How on Earth he knew I had any affinity to animal rights I will never know—I had painstakingly avoided any mention of any such thing—but I do know that my stomach tightened immediately into a knot. To make matters worse, at that moment his two sons leapt from the table, tore into the den, slammed the door behind them, and turned on the TV, cranking up the volume presumably to drown out what was to follow. At the same instant, his wife nervously picked up some dishes and scurried into the kitchen. As I watched the door close behind her and heard the water begin to run, I had a sinking sensation. They had—there was no mistaking it—left me alone with him.
I was, to put it bluntly, terrified. Under the circumstances, a wrong move now could be disastrous. Trying to center myself, I tried to find some semblance of inner calm by watching my breath, but this I could not do—for the very simple reason that there wasn't any to watch.

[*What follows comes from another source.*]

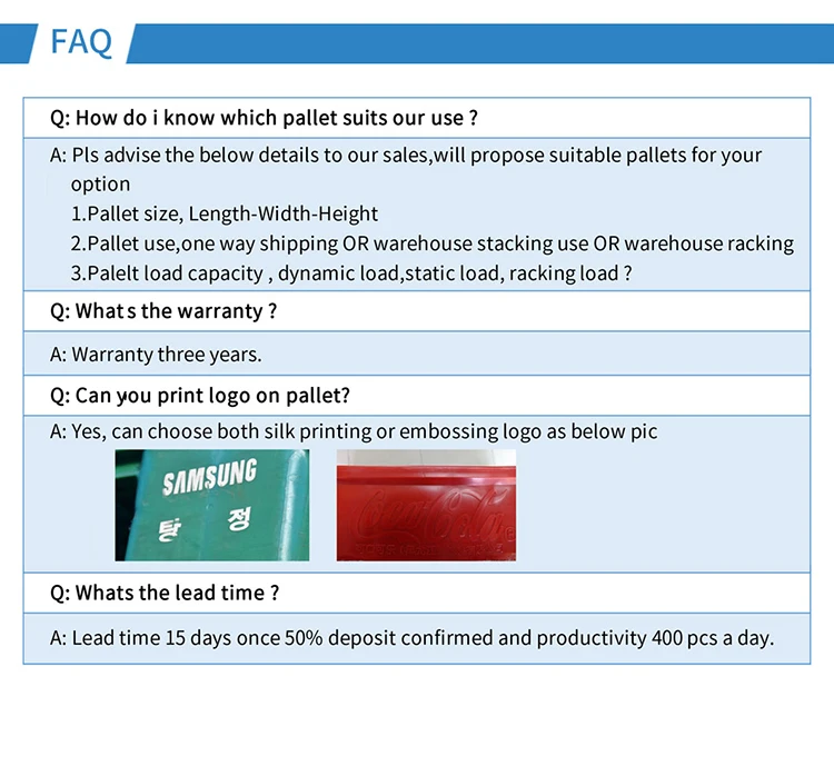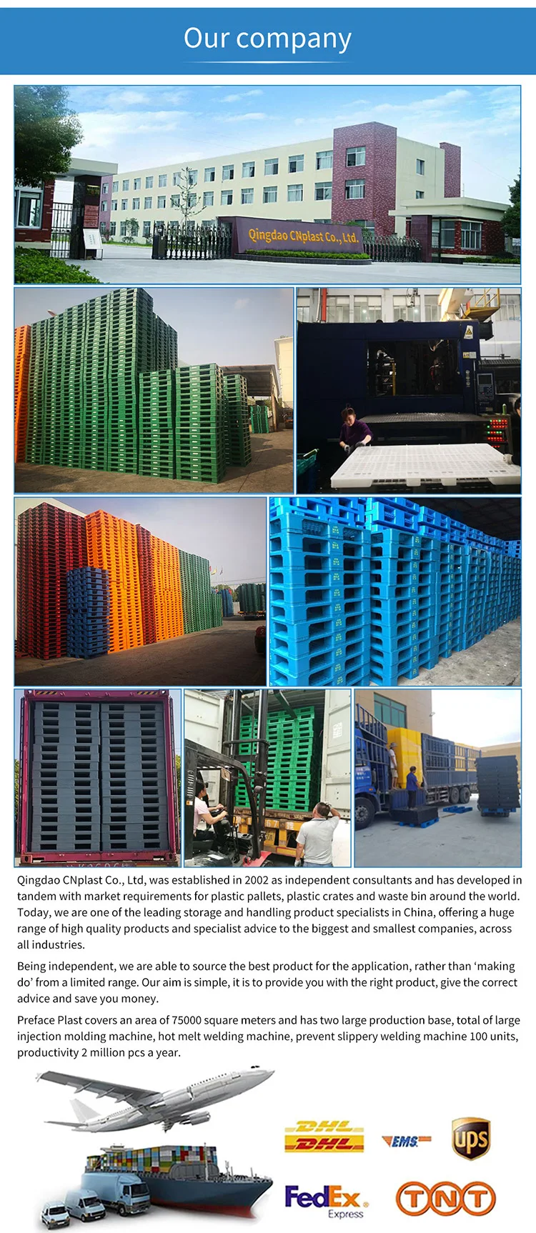 Our company is a medium-sized company, having 400 employees, established at 2000 based in China.We have two huge manufacturing facilities located in : 1- Shanghai,China 2- Qingdao, Shandong, China With total area of 90,000 meter square, 60 sets of production lines, and 700 Plastic injection molds ENLIGHTENING Annual Turnover reach 90 -100 million us dollar, overseas sales make up 30% of the total revenue ,we are proud to be one of the biggest exporters for plastic pallets around the world.

“What are they saying that's so upsetting to you?” I said finally, pronouncing the words carefully and distinctly, trying not to show my terror. I was trying very hard at that moment to disassociate myself from the animal rights movement, a force in our society of which he, evidently, was not overly fond.
“They accuse me of mistreating my stock,” he growled.

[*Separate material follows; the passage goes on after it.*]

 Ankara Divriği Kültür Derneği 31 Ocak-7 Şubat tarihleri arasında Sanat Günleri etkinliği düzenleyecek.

“Why would they say a thing like that?” I answered, knowing full well, of course, why they would, but thinking mostly about my own survival. His reply, to my surprise, while angry, was actually quite articulate. He told me precisely what animal rights groups were saying about operations like his, and exactly why they were opposed to his way of doing things. Then, without pausing, he launched into a tirade about how he didn't like being called cruel, and they didn't know anything about the business he was in, and why couldn't they mind their own business.
As he spoke, the knot in my stomach relaxed, because it was becoming clear—and I was glad of it—that he meant me no harm, but just needed to vent. Part of his frustration, it seemed, was that, even though he didn't like doing some of the things he did to the animals—cooping them up in such small cages, using so many drugs, taking the babies away from their mothers so quickly after their births—he didn't see that he had any choice. He would be at a disadvantage and unable to compete economically if he didn't do things that way. This is how it's done today, he told me, and he had to do it too. He didn't like it, but he liked even less being blamed for doing what he had to do in order to feed his family.
As it happened, I had, just the week before, been at a much larger hog operation, where I learned that it was part of their business strategy to try to put people like my host out of business by going full-tilt into the mass production of assembly-line pigs so that small farmers wouldn't be able to keep up.